In particular, we explained at paragraph 6.5 of the final report how we had taken into account the differentiation between Cineworld and Picturehouse in our analysis of the impact of the merger. Similarly, we responded to your specific and interesting point on the effect of Cineworld’s Unlimited Scheme directly in the final report at paragraph 6.55.
So the first thing I did was go back to paragraph 6.5.
We recognize that the nature of competition between Cineworld and Picturehouse may be different from that between the operators of multiplexes, due to differences between the product offerings of Cineworld and Picturehouse. We take account of this differentiation between the parties’ cinemas in our analysis of the competitive effects of the transaction in each local area. This is reflected in particular in the range of evidence we examine to reach a view. For example, if Picturehouse customers are unlikely to attend Cineworld cinemas in a given area, then this should be reflected in the survey results showing low diversion ratios from Picturehouse to Cineworld in that area.

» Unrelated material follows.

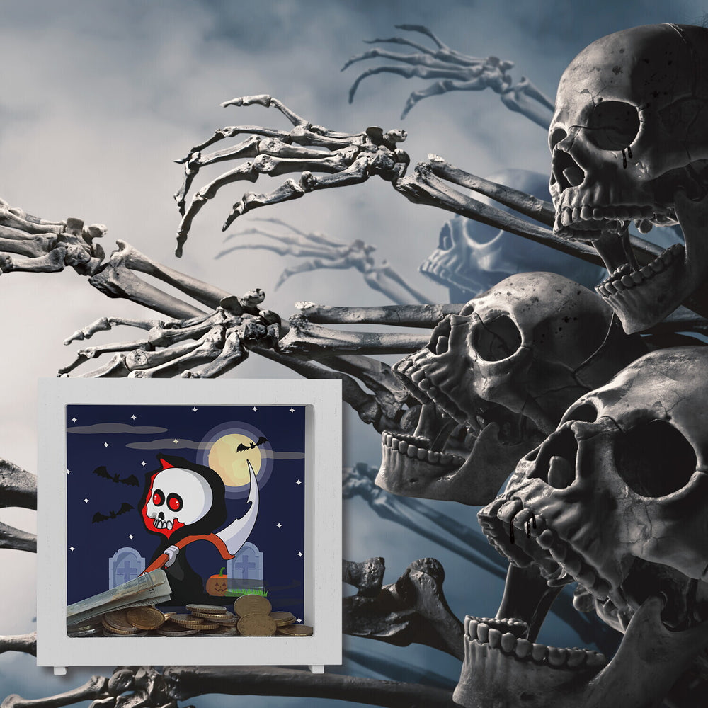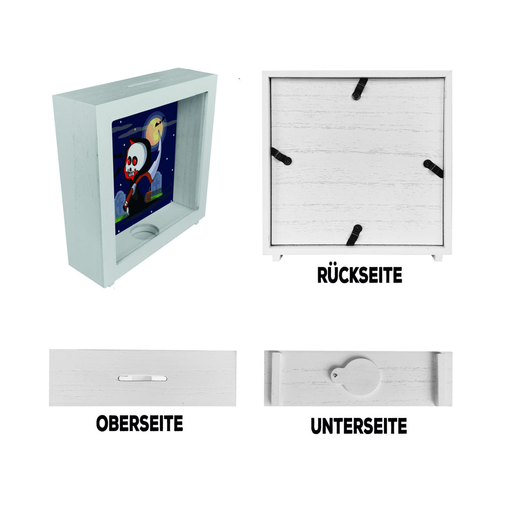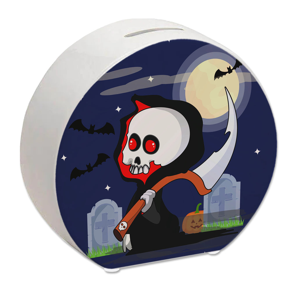 • Die Spardose mit Sensenmann-Motiv ist eine gruselige und zugleich unterhaltsame Geschenkidee für Freunde zu Halloween oder auch jemand anderem, der gerade beginnt anzusparen. Die Sparbüchse präsentiert den schaurig charmanten Reaper, oder auch "Der Tod persönlich" bei Nacht auf einem Friedhof und lädt dazu ein kontinuierlich Kleingeld hineinzuwerfen.

So they have recognised that the competition between Cineworld and Picturehouse is different. In other words, Cineworld and Picturehouses have an offering that is different enough to create a difference in competition between those two in isolation, but not different enough when compared to other operators: consequently they are both still in competition with all other operators. WHAT?! (There is also a point there about the diversion ratios, but I’ll come on to that shortly.)
Now to paragraph 6.55.
In carrying out our analysis, we also considered the relevance of Cineworld’s Unlimited scheme to local competition. Cineworld currently charges a price of £15.90 per month for access to all Cineworld cinemas outside London’s West End. Members of this scheme may, to some extent, be more insulated from the effects of local competition on ticket pricing. However, the margins we have used to measure the internalization effects of the transaction (see paragraph 6.53(c)) already take account of the Unlimited scheme. In addition, in the local areas that have been the subject of our detailed analysis, the internalization effect tended to be stronger for Picturehouse than for Cineworld. Finally, ticket pricing is only one of the ways in which an SLC can result in adverse effects on consumers.

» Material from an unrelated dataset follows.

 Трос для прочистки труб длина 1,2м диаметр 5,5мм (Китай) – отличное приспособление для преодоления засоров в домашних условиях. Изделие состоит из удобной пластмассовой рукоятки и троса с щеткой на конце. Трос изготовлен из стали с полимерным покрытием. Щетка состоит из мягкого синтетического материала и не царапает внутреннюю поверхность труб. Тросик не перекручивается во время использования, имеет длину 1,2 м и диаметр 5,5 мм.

OK, back to paragraph 6.53(c) then.
Analysis of pricing incentives resulting from the internalization of profits that would have been lost to Cineworld and/or Picturehouse before the merger. We used Gross Upward Pricing Pressure Index (GUPPI) calculations for this assessment. This is discussed in more detail in Appendix F.
Hooray! Another diversion. Appendix F is fifteen pages, so I’m not going to reproduce it in its entirety here – in fact, I’m applauding you for reading this much – but you can find it yourself on the inquiry home page if you fancy. Here’s the key points:
Unilateral effects may arise because a price increase becomes less costly when the products of the two companies are brought under common ownership or control. Without the merger, it is costly for one of the merger companies to raise its prices because it will lose the profit on diverted sales as a result…

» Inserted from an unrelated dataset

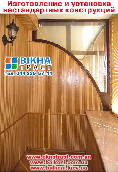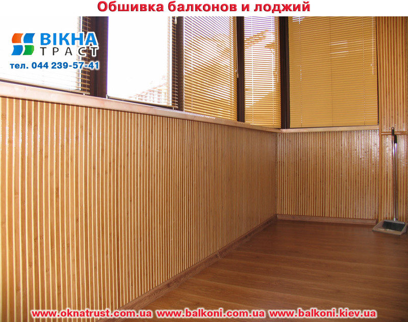 -обшивка балкона: пластиковой вагонкой, деревянной вогонкой, гипсокартоном, бамбуком.

After the merger, it is less costly for the merging company to raise prices because it will recoup the profit on recaptured sales from those customers who would have switched to the products of the other merging company…
GUPPIs do not attempt to estimate an actual price rise, but rather measure the strength of the internalization incentive by measuring the value of sales that is recaptured as margin post-merger. The results from the GUPPI should be seen as one piece of evidence which should be considered in the round with other evidence.
To give the Commission its due, this is all broken down in the independent research conducted by GfK which they then used to test the GUPPI calculation. Translating all of the above into English, if there’s a number of companies operating in a particular area, they each know putting their own prices up will cause customers to go elsewhere. But because they now own two properties, Cineworld could put its prices up, and while the original ticket price, food, advertising revenue, etc. would have previously gone to a competitor, Cineworld now gets to keep the money of anyone switching. The GUPPI shows how much incentive they have to do that, and the Commission believes the GUPPI is high enough in Aberdeen, Bury St Edmunds and Cambridge that Cineworld Group have an incentive to raise prices.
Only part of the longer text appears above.